▶ _Description of the task_: Only the lines below from the one containing "Kemenag Sleman News" through the one containing "Elegant Merry Christmas" belong in the answer, set down exactly, with the pictures left out.

▶ _Excerpted data_:
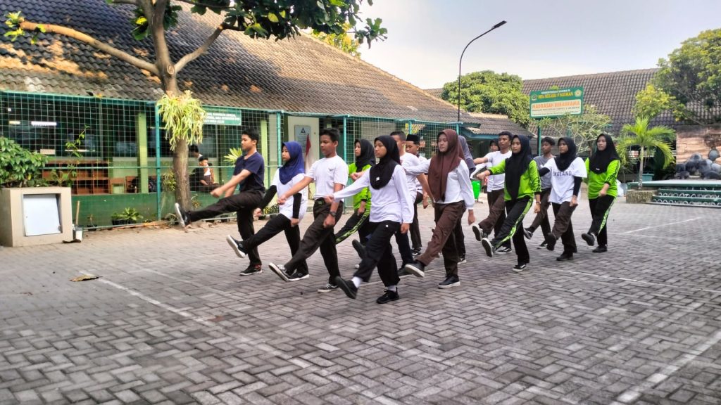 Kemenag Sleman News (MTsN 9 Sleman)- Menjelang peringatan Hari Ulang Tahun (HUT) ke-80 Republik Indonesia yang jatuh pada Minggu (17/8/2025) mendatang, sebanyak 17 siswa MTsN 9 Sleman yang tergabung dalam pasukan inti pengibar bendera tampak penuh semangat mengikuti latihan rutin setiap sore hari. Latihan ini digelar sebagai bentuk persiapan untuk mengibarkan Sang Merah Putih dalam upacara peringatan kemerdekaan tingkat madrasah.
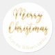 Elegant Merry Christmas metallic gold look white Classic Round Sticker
...
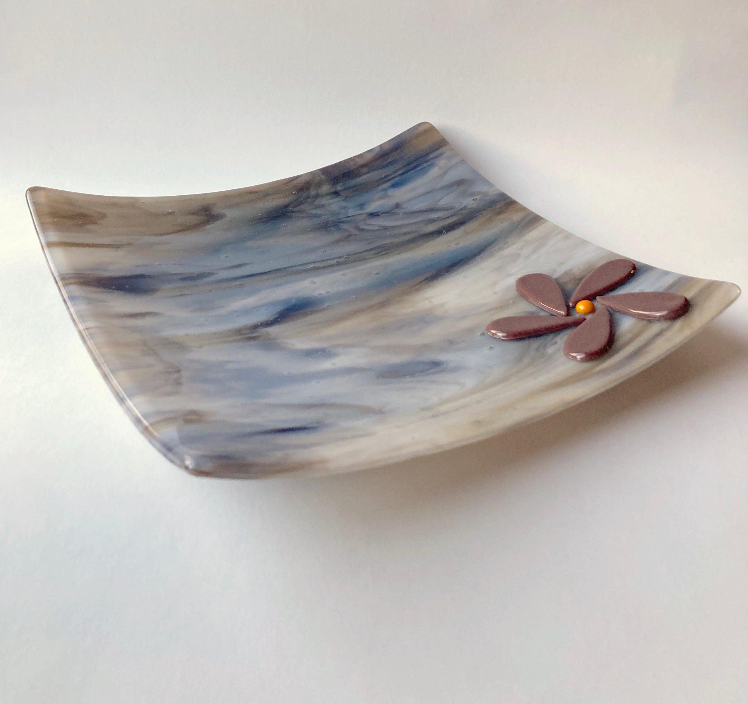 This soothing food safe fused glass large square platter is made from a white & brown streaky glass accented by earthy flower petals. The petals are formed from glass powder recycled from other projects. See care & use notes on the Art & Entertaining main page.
--
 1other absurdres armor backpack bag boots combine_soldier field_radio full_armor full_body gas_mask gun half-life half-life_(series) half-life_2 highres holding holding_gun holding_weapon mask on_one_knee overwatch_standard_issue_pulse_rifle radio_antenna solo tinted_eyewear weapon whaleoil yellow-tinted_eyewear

▶ _Written answer_:
 Kemenag Sleman News (MTsN 9 Sleman)- Menjelang peringatan Hari Ulang Tahun (HUT) ke-80 Republik Indonesia yang jatuh pada Minggu (17/8/2025) mendatang, sebanyak 17 siswa MTsN 9 Sleman yang tergabung dalam pasukan inti pengibar bendera tampak penuh semangat mengikuti latihan rutin setiap sore hari. Latihan ini digelar sebagai bentuk persiapan untuk mengibarkan Sang Merah Putih dalam upacara peringatan kemerdekaan tingkat madrasah.
 Elegant Merry Christmas metallic gold look white Classic Round Sticker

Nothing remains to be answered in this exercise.